A lightweight, open-source AI assistant for data platform operations
Project description
databot
A lightweight, open-source AI assistant for data platform operations.
~4,000 lines of core code -- built for data engineers who need an intelligent assistant for monitoring pipelines, diagnosing data quality issues, and querying infrastructure.
Features
- SQL Queries: Execute read-only queries against Clickzetta, TiDB, Trino, or any SQL database
- Airflow Integration: Check DAG status, view task logs, trigger runs via REST API
- Data Quality: Run DQ checks -- row counts, null rates, freshness, source-target comparison
- Data Lineage: Query upstream/downstream dependencies using NetworkX graphs
- Scheduled Tasks: Cron-based proactive monitoring with Google Chat alerts
- Google Chat: Webhook (send-only) and App (bidirectional) modes
- Shell & Filesystem: Execute commands, read/write files with workspace sandboxing
- Multi-Provider LLM: Anthropic, OpenAI, DeepSeek, Gemini, local vLLM via LiteLLM
- Persistent Memory: SQLite-backed sessions and key-value memory (zero external deps)
Quick Start
Install
# From PyPI
pip install databot-ai
# From source (recommended for development)
git clone https://github.com/asb108/databot.git
cd databot
pip install -e ".[all]"
Initialize
databot onboard
Configure
Edit ~/.databot/config.yaml:
providers:
default: anthropic
anthropic:
api_key: ${ANTHROPIC_API_KEY}
model: claude-sonnet-4-5-20250929
channels:
gchat:
enabled: true
mode: webhook
webhook_url: ${GCHAT_WEBHOOK_URL}
tools:
sql:
connections:
clickzetta:
driver: clickzetta
host: ${CZ_HOST}
schema_name: data_warehouse
virtual_cluster: ${CZ_VC}
read_only: true
max_rows: 1000
airflow:
base_url: ${AIRFLOW_URL}
username: ${AIRFLOW_USER}
password: ${AIRFLOW_PASSWORD}
security:
restrict_to_workspace: true
allowed_commands: ["kubectl", "airflow", "trino-cli"]
Chat
# Single message
databot agent -m "How many rows in pricing.rate_cards?"
# Interactive mode
databot agent
# Start gateway (always-on with cron + Google Chat)
databot gateway
Architecture
databot/
cli/ # Typer CLI commands
config/ # Pydantic config schema + YAML loader
core/ # Agent loop, message bus, context builder
providers/ # LLM provider abstraction (LiteLLM)
tools/ # Pluggable tools (SQL, Airflow, DQ, lineage, shell, fs, web, cron)

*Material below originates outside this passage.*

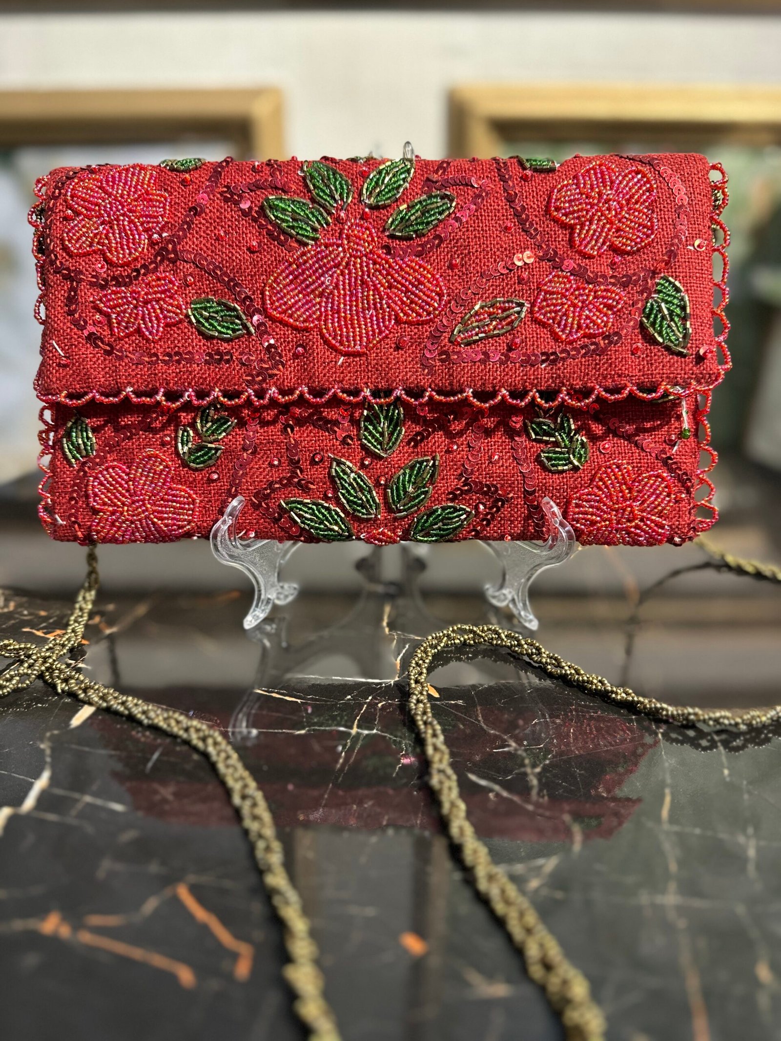 Introducing the handmade classic clutch, a perfect blend of artistry and functionality. Designed with meticulous craftsmanship, this clutch is adorned with an exquisite combination of beads and shimmering sequins, making it a versatile accessory for any occasion. Whether you’re dressing up for a formal event or adding a touch of sophistication to casual outings, this clutch is bound to elevate your style effortlessly.

channels/ # Messaging channels (Google Chat, CLI)
session/ # SQLite-backed conversation history
memory/ # Persistent key-value memory
cron/ # Scheduled task execution
Tools
| Tool | Description |
|---|---|
sql |
Execute SQL queries against configured databases |
airflow |
Check DAG status, view logs, trigger runs |
data_quality |
Row counts, null checks, freshness, source-target comparison |
lineage |
Upstream/downstream dependencies, path finding |
shell |
Execute shell commands (sandboxed) |
read_file |
Read file contents |
write_file |
Write/create files |
edit_file |
Find-and-replace edits |
list_dir |
List directory contents |
web_fetch |
Fetch URL content |
web_search |
Search the web (Brave API) |
cron |
Manage scheduled tasks |
CLI Reference
| Command | Description |
|---|---|
databot onboard |
Initialize config and workspace |
databot agent -m "..." |
Send a single message |
databot agent |
Interactive chat mode |
databot gateway |
Start always-on service (API + channels + cron) |
databot status |
Show status and configuration |
databot cron list |
List scheduled jobs |
databot cron add --name "..." --schedule "..." --message "..." |
Add a cron job |
databot cron remove --id "..." |
Remove a cron job |
Docker
# Build
docker build -t databot .
# Initialize (first time)
docker run -v ~/.databot:/root/.databot --rm databot onboard
# Run gateway
docker run -v ~/.databot:/root/.databot -p 18790:18790 databot gateway
Kubernetes
See the k8s/ directory for example Kubernetes deployment manifests.
Security
- Read-only SQL by default: Write operations blocked unless explicitly enabled
- Workspace sandboxing: Filesystem and shell restricted to workspace directory
- Command allowlist: Only whitelisted shell commands can execute
Plugins
Databot supports plugins via Python entry points. Third-party packages can add custom tools, channels, and LLM providers.
Creating a Plugin
- Create a Python package with your custom tool:
# my_databot_plugin/tools.py
from databot.tools.base import BaseTool
class MyCustomTool(BaseTool):
@property
def name(self) -> str:
return "my_tool"
@property
def description(self) -> str:
return "Description of what this tool does"
def parameters(self):
return {
"type": "object",
"properties": {
"param1": {"type": "string", "description": "First parameter"}
},
"required": ["param1"]
}
async def execute(self, param1: str) -> str:
return f"Executed with {param1}"
- Register it in your
pyproject.toml:
[project.entry-points."databot.tools"]
my_tool = "my_databot_plugin.tools:MyCustomTool"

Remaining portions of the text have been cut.